Trailed by monks in saffron robes, Gangteng Tulku Rinpoche, a Buddhist master from the Kingdom of Bhutan, wore an orange shawl over his North Face fleece. He opened with a guttural chant, then spoke about the blessing ceremony through a translator, Sarah Harding, a professor at Naropa University in Boulder.
Rinpoche is a teacher of the Dzogchen (Great Perfection) line of Buddhism. Since he was a child he has been recognized as the ninth incarnation of Pema Lingpa, the patron saint of Bhutan, and entered monastic life, according to his meditation center’s website.
He sponsors more than 30 monasteries in his native Bhutan and around the world.

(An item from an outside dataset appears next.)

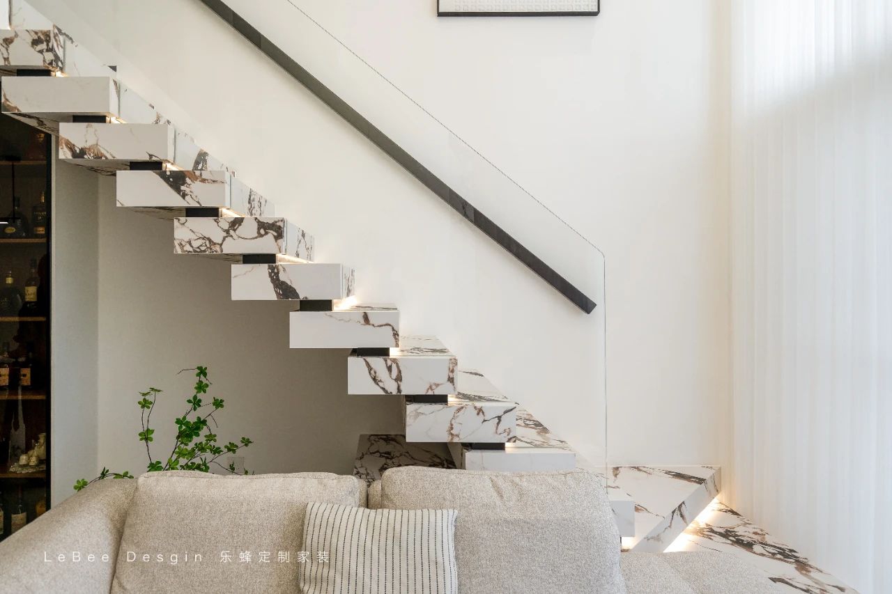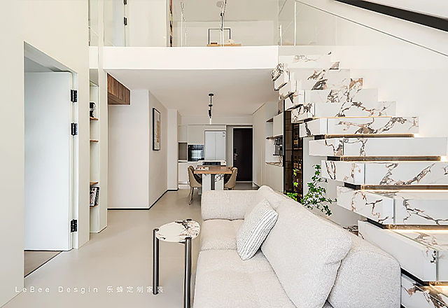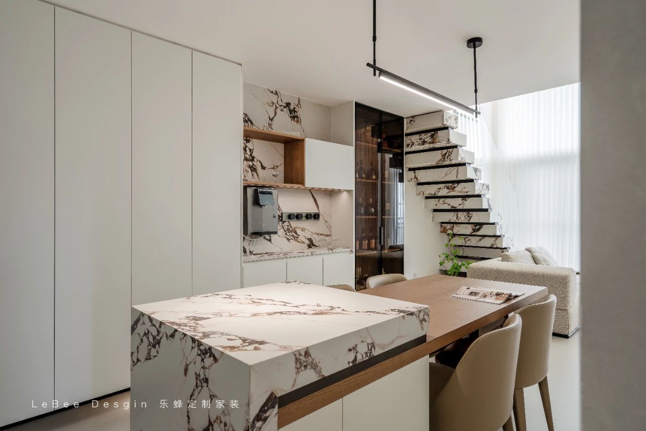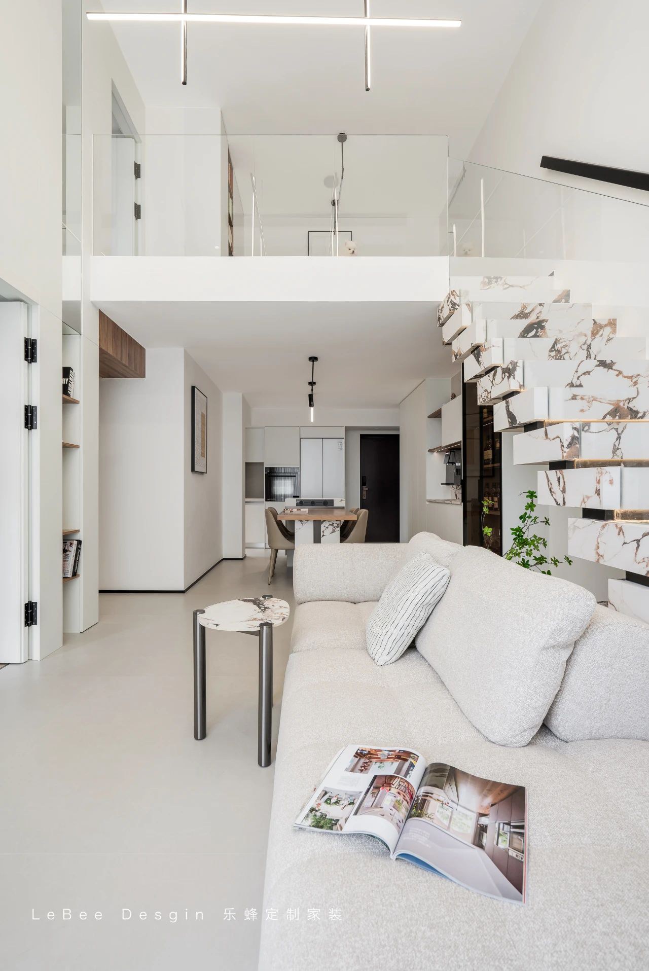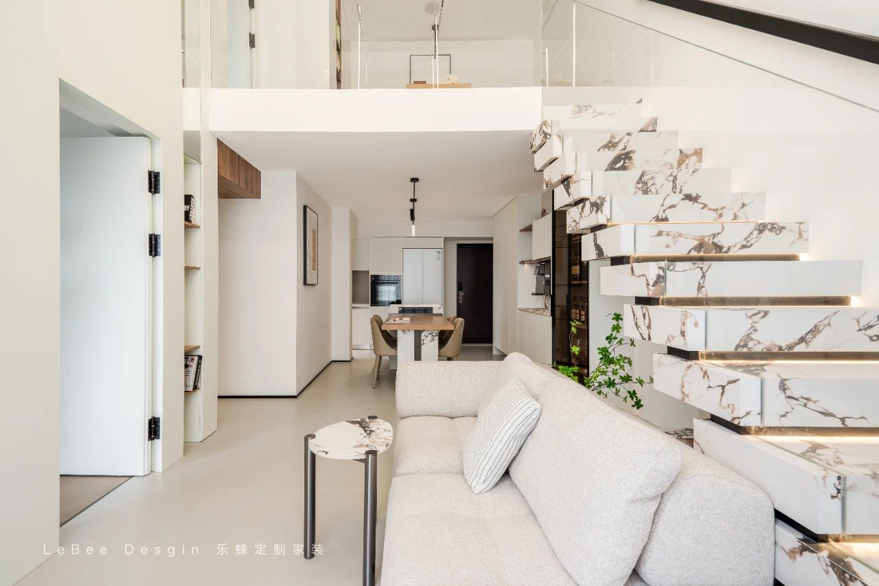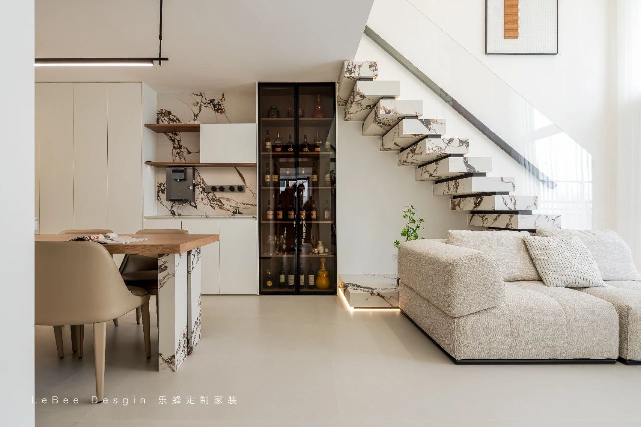 羅湖蓮塘的靜謐綠洲——合正錦園,一套150㎡復(fù)式空間以現(xiàn)代簡約風(fēng)煥發(fā)新生。 設(shè)計(jì)師通過極簡線條、天然材質(zhì)與光影互動,將層高優(yōu)勢與功能需求完美結(jié)合,打造出既開放又私密、既實(shí)用又充滿藝術(shù)感的都市居所。 清晨陽光穿透落地窗灑在亞麻窗簾上的光影、懸浮樓梯踏步亮起的暖黃燈帶、島臺咖啡機(jī)啟動時的低鳴,共同構(gòu)建出快節(jié)奏都市中獨(dú)有的慢生活儀式感。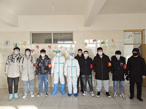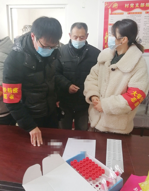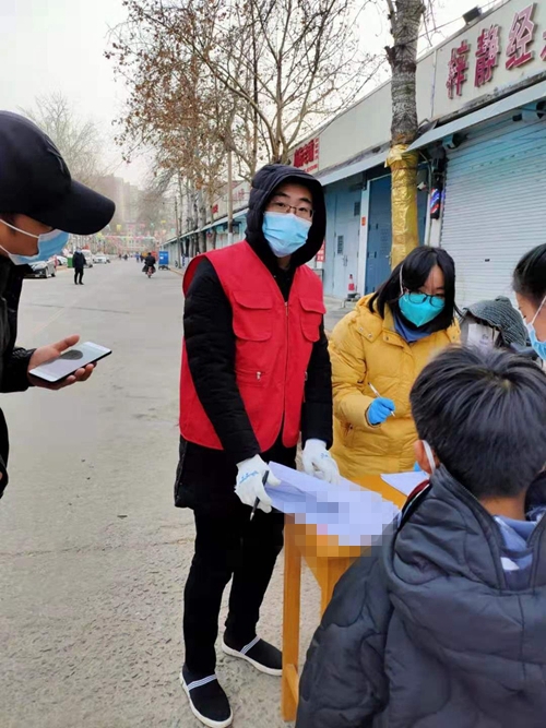 疫情当前,许多大学生加入到疫情防控工作中,吹响了青年志愿者疫情防控的集结号。基础医学院2018级临床医学专业的志愿者们也用自己的实际行动践行着社会主义核心价值观,用心维护社会稳定,用爱创造安全的生活环境。 凝心聚力,践行担当 5班曹华宇,在河北省沧州市南皮县乌马营镇西门家村参与疫情防控志愿服务。2021年1月17日,他协助医务人员进行核酸检测登记工作,指导当地居民做好自我防护并向村民宣传防护知识。在接下来的疫情防控工作中,他主动申请参与到村口的执勤工作中,协助村干部进行排查登记、体温测量、引导劝返等工作。虽然工作内容很简单,但他丝毫不敢马虎,把病毒拒之门外,保障村民们的健康安全。他说:“作为一名医学生,在国家危难的时候一定要挺身而出,尽自己的一份力量。隔离病毒,但不会隔离爱,众志成城,万众一心,终将战胜疫情。”

Rinpoche’s sect does not require monks to be celibate: He’s married and has children who are a good bets to be reincarnations of Buddhist saints.
The Roaring Fork Friends of Tibet, with the help of other area foundations, sponsored this week’s events, said Dennis Tuma, a member of the group.
“It’s a time to reinvent your situation,” Tuma said. “A spiritual dry cleaning.”
Friday night’s Kago, or blessing ceremony, consisted of ritual chants, and celebrants passed in front of the lama to receive blessing and a ritual protection cord the lama called “armor.”
“Wear it all the time,” the lama said in Tibetan, through translator Harding.
The ceremony was a way to remove “inner and secret obstacles and prevent things that might happen to you,” the lama said. “It gives you more merit, long life and influence.”
“He’s just putting his energy out into the community and we’re hoping that people respond in a positive way,” Tuma said.
The more than 50 who gathered enjoyed samosas, momos and chai tea from Nepal Restaurant in Glenwood Springs after the ceremony.
Rinpoche is on a prolonged U.S. tour, which included a visit to his meditation center in Crestone before stops in Crested Butte, Boulder and Los Angeles.
Rinpoche will hold a workshop in Nyingma Buddhism from 9 a.m. to 5 p.m. Saturday and 1-5 p.m. Sunday. Tuition is $ 50 per session and $ 125 for the weekend. The lama and his entourage of monks will also hold a ski- up Tibetan fire blessing at noon Jan. 10 in front of the ski patrol hut on Aspen Mountain.